* _WORK REQUIRED_
Leave the images out and repeat the data exactly as given.

* _DATA BLOCK_
⁂

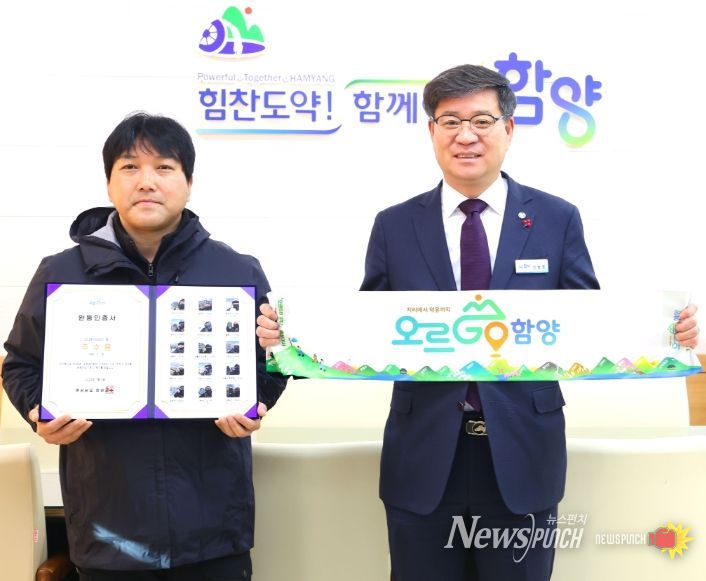 뉴스펀치 박세훈 기자 | 함양군이 운영하는 산악완등 인증사업 ‘오르GO 함양’에서 2026년 새해를 맞은 지 8일 만에 15좌 첫 완등자가 탄생했다.
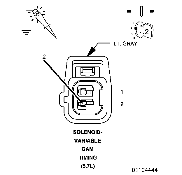 3. Using a 12-volt test light connected to 12 Volts probe the (K442) VCT Control circuit in the VCT Solenoid harness connector.
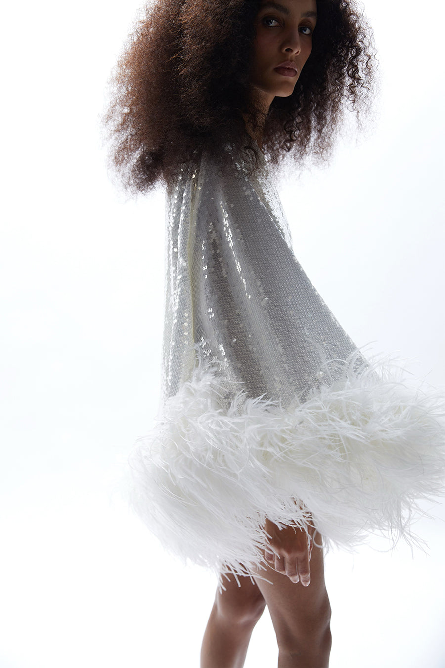 Toutes les plumes sont 100 % plumes d'autruche. Elles sont produites dans le respect total du cadre de production durable et proviennent d'élevages certifiés. Conservez-les dans un environnement frais et sec. Comme les plumes ne sont pas synthétiques, il est probable qu'elles perdent un peu de poils. Toutes les plumes sont cousues à la main sur la robe. Avant de remettre la robe au nettoyage à sec, les plumes doivent être retirées et recousues après le nettoyage de la robe.

⁂

* _ANSWER SPACE_
 뉴스펀치 박세훈 기자 | 함양군이 운영하는 산악완등 인증사업 ‘오르GO 함양’에서 2026년 새해를 맞은 지 8일 만에 15좌 첫 완등자가 탄생했다.
 3. Using a 12-volt test light connected to 12 Volts probe the (K442) VCT Control circuit in the VCT Solenoid harness connector.
 Toutes les plumes sont 100 % plumes d'autruche. Elles sont produites dans le respect total du cadre de production durable et proviennent d'élevages certifiés. Conservez-les dans un environnement frais et sec. Comme les plumes ne sont pas synthétiques, il est probable qu'elles perdent un peu de poils. Toutes les plumes sont cousues à la main sur la robe. Avant de remettre la robe au nettoyage à sec, les plumes doivent être retirées et recousues après le nettoyage de la robe.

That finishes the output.